See Hinton2010: A Practical Guide to Training Restricted Boltzmann Machines Version 1



HOW TRAINING WORKS:
X: has the samples (around 1 million) 
Y: has the classes (and should be 1, 2, 3, .. (not 0)). Original is 1 column but FineTunning converts it to [0 0 1], [0 1 0], etc.
depending on the number of outputs.

There is two stages:
1) Pretraining (Layerwise) <-> Bolztman Machine (unsupervised)
2) Fine tune NN
In the traditional NN training we initatilize randomly the weights and a descending error algorithm that emplies samples (X) and classes (Y) 
finds the best weigths. That is what FineTuning does but now, pretraining, without using Y, in a similar way to GMM training, find a good initialization
for the weights. To see that the pretraining makes sense, compare the classification error when the weights of FineTuning are initialize ramdonly and with 
pretraining.

 
The training is good when the activation plot of figure 1 2 and 3 seem random and in fig 4 the training error is mantein low and the development error start to increase


-------------------------------------------------------------------------------------------------------
IMPORTANT PARAMETERS:
 
Number of hidden units in different layers: [52, 7, 7] 				(in trainRBMStack/dbn.sizes)
Learning rate of the unsupervised pretraining: 0.004 				(in trainRBMStack/opts.alpha)
Max epoch of the unsupervised pretraining: 100 					(in trainRBMStack/opts.numepochs)
Momentum: 0.5 (init) 0.9 (later) 						(in trainRBMStack/opts.initMomentum, method for increasing the speed of learning, determine
how fast it is explored the search space)

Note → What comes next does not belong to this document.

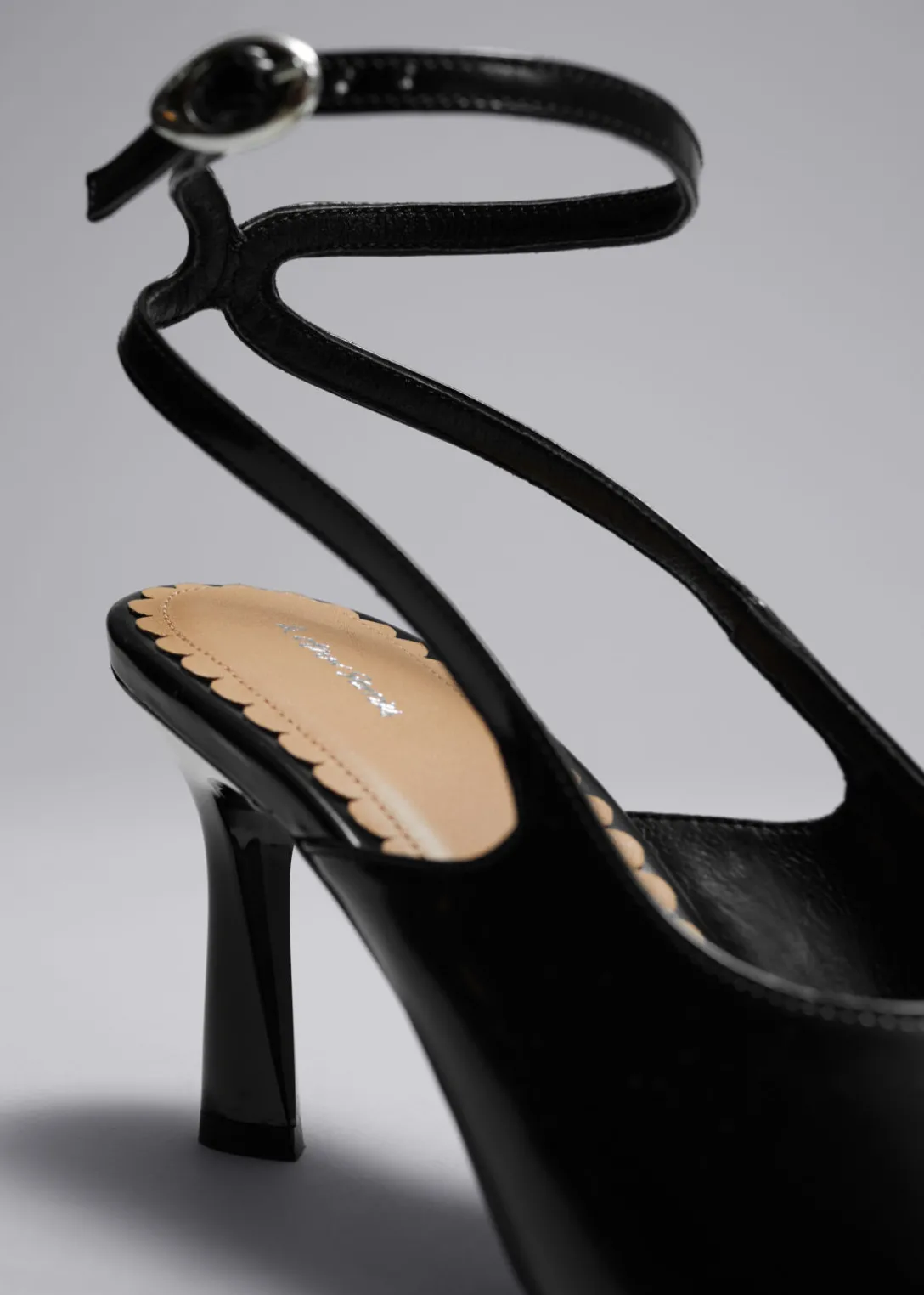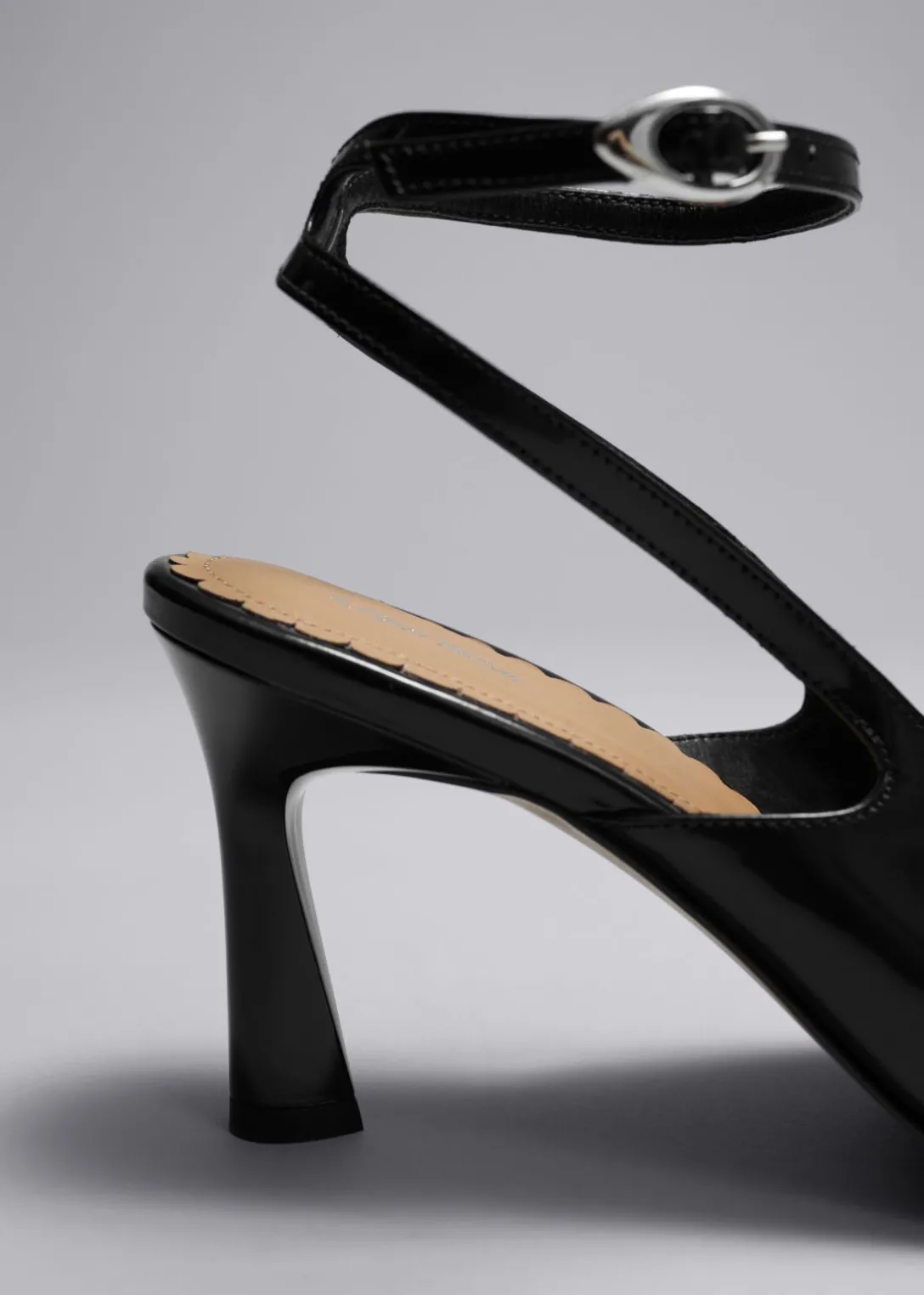Ces escarpins intemporels sont confectionnés au Portugal à partir de cuir souple, avec des bouts pointus élégants et des talons pratiques. Ils sont ornés de boucles argentées pour régler les brides à l’arrière.

Learning rate of the supervised fine-tuning: 0.005 				(in finetuneDBN/nn.learningRate)	
Maximun epoch of the supervised fine-tuning: 130 				(in finetuneDBN/opts.numepochs)
Number of outputs: 2 								(in finetuneDBN/dbnunfoldtonn)
Training/Developtment percentage: first 0.8 and finally second fine with 1.0 	(in finetuneDBN/trainPerc)
Size of the minibatch: 10 							(in finetuneDBN/batchsize, if x, the training takes 
x samples to compute the gradient direction and later take another new x and son on) %train size must be multiple of minibatch

Weight decay: 
Sparsity target:

-----------------------------------------------------------------------------

TEST:

If nn is the network, nn.a{i} is the acctivation of layer i and nn.a{end} is the output posterior (output probabilities). 

IMPROVEMENTS:

A recursive NN has the input: Features (Ft) + Part of Output (Ot-1), output: Output Ot. The output prediction (Ot) at instant t, depende on 
Ft and Ot-1.